Все мы? Вы так думаете?

Для меня это время не вертикально. И все идеологические вертикали уже отработаны. Мы недавно говорили с Мишей Ратгаузом, в том числе и о войне с Украиной. Что люди из России, которые сейчас едут на войну, они жертвы вертикальных интересов. Их не деньги интересуют и даже не пострелять. У них есть патриотизм, и понятно, что это вертикаль их ведет, уничтожает и разрушает. Если бы они были нормальными мещанами, которые думали бы о том, как цветочки полить дома, как детей накормить, и идеи про родину, победу, русское не залетали бы им в голову, то на фиг бы они туда пошли.
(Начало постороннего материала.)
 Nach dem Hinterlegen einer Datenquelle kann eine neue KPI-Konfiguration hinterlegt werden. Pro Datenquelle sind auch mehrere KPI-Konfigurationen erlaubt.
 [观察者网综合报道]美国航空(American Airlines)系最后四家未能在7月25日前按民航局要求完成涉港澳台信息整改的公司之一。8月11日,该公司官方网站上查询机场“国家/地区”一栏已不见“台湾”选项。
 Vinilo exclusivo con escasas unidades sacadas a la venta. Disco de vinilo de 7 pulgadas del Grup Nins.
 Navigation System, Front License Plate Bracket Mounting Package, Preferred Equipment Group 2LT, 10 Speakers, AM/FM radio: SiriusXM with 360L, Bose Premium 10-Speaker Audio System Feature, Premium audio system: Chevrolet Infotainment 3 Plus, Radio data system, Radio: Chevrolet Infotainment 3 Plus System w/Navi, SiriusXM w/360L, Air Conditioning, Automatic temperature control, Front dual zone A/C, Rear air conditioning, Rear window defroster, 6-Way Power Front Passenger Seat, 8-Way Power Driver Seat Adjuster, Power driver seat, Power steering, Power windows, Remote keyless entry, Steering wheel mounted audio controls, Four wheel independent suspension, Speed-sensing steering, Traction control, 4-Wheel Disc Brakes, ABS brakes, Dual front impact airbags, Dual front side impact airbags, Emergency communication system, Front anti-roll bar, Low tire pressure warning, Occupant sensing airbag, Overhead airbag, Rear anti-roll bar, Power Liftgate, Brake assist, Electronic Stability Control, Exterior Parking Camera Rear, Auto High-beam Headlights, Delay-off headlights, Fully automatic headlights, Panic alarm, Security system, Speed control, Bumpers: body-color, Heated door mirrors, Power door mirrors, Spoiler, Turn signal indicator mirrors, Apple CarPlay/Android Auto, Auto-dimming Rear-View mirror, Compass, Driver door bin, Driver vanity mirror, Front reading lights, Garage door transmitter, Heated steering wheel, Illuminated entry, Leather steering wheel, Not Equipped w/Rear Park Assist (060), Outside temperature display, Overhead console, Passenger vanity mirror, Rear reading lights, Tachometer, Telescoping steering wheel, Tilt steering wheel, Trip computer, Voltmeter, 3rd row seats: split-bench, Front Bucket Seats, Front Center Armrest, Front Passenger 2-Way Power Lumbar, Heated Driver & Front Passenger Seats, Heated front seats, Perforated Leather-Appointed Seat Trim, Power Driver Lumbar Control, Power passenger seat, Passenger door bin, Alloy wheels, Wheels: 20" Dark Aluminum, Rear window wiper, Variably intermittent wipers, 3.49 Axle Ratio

Но они в моде, такие идеи.

Они идеологически создаются по каким-то старым концептам. Они очень похожи, например, на «Тараса Бульбу», если эту историю разобрать как реальную, когда идеологическое выше человеческого, теплого, телесного. И сегодня идеологическое выше всего, потому что — я читаю своих френдов в «Фейсбуке» и думаю: боже мой, нас Путин всех так объединил! Не будет Путина — мы друг другу выцарапаем глаза. Сейчас мы выцарапываем глаза тем,кто любит Путина, мы всей массой — на их массу, а когда он нас покинет по какому-нибудь поводу…
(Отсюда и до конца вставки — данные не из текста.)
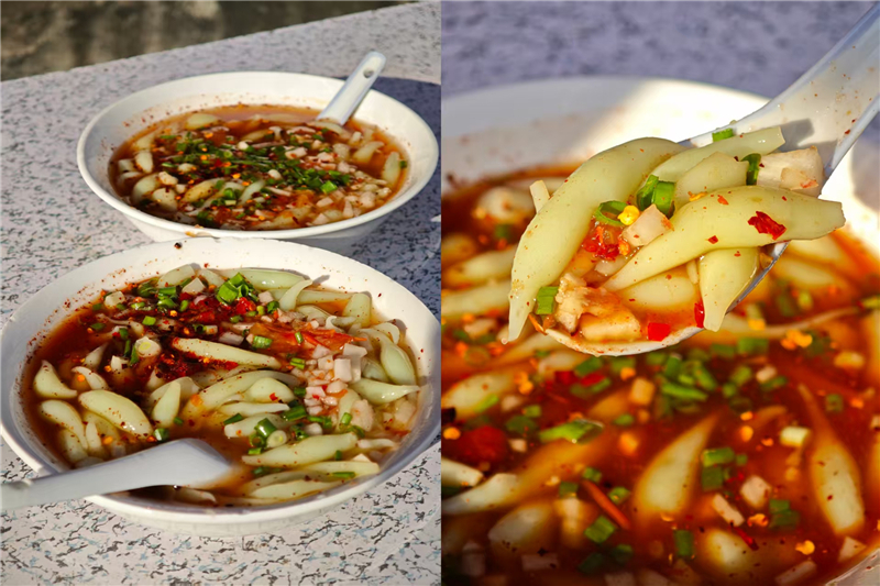 逛完三桥,有一道重安特色美食不可错过。那便是古镇的老街藏着最地道的黔东南风味——重安凉虾。凉虾并非真虾,而是用大米磨浆后煮制,再通过漏勺漏入凉水中凝结而成,形状弯弯曲曲如小河虾,因而得名。白白嫩嫩的凉虾浸在酸萝卜、辣椒、葱花调味的酸汤里,酸爽开胃,一碗下肚,浑身的疲惫都消散了。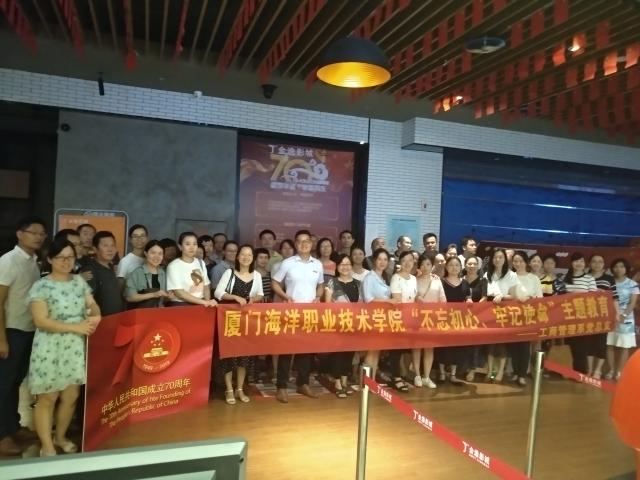 为贯彻落实《中共中央关于在全党开展“不忘初心、牢记使命”主题教育的意见》等重要文件精神,10月8日17:20,工商系党总支开展“不忘初心、牢记使命”主题教育特色党日活动,于翔安区金逸影城集中观看爱国主义题材电影《我和我的祖国》,工商系党总支副书记张宇泉以及全体党员老师到场参加。

А как же вы говорите, что мир горизонтален, если все это безусловно идеологические истории?

Я думаю, что сам мир горизонтален. И есть эпохи, в которых вертикаль и горизонталь сосуществуют очень гармонично. Но в нашей эпохе преобладает горизонталь, а идеология, которая насажена, — она из другого времени. Видимо, в каждую эпоху это бывает. В свое время я видела выставку в Третьяковке, провинциальные иконы. Семнадцатый — начало восемнадцатого века, Малороссия, Белоруссия, иконы из деревень. Там такие жиды были на этих иконах! Портреты евреев этого села. Вот на Троице — какой-нибудь башмачник Изя. И Мария тоже мать какого-то большого бедного еврейского семейства. И чтобы все верили — если в ад надо спуститься, то там дверца есть, ее можно открыть и туда спуститься. Это реальное зрение. Идеальный мир спустился на горизонталь, стал абсолютно реальным миром. Я думаю, что на русском языке уж точно нет никакой работы, которая отмечала бы эти лакуны, когда жизнь сваливается из идеального в реальное. В России это была эпоха с 1860-х до революции, где идеальное свалилось вниз, все эти революционеры и бомбисты — это же тоже было под покрывалом идеального, но это была абсолютно страшная реальная жизнь. Очень страшная. Я вообще очень долго интересовалась бомбистами, я была бомбисткой по идеологии до 30 лет. Поэтому читала кучу их воспоминаний. Больше всего мне запомнилось, что, когда все эти идейные люди попали на каторгу, то для них была страшна не каторга сама по себе. Выяснилось, что они совершенно не в состоянии выдержать друг друга, вообще общаться. Они мочились в кастрюли со щами своих коллег, с которыми раньше подрывали какого-то губернатора, бритвы клали в еду.

Агрессию надо куда-то девать.

Совершенно не способны были вот к такой реальной простой жизни. При том что история предлагала им эту простую жизнь. В виде окровавленного мяса — когда они взрывали кого-то, там же были совершенно реальные, неидеальные итоги, да? Которые они могли фиксировать, видеть. Меня интересовало, почему так много девочек-евреек из хороших семей пошло в бомбисты. Не из бедных — там бы можно было понять такую социальную активность, а из хороших богатых семей. Выяснилось, что практически у всех у них была склонность к суициду. А так как они все были верующие и нельзя было кончать жизнь самоубийством, то, убивая других, они, в принципе, кончали жизнь самоубийством. Одну девочку не взяли на серьезную акцию, где она бы погибла, и она покончила с собой. И кто-то из бомбистов сказал: «Если бы она могла убивать, она могла бы еще жить». Очень любопытно, как складываются эти эпохи.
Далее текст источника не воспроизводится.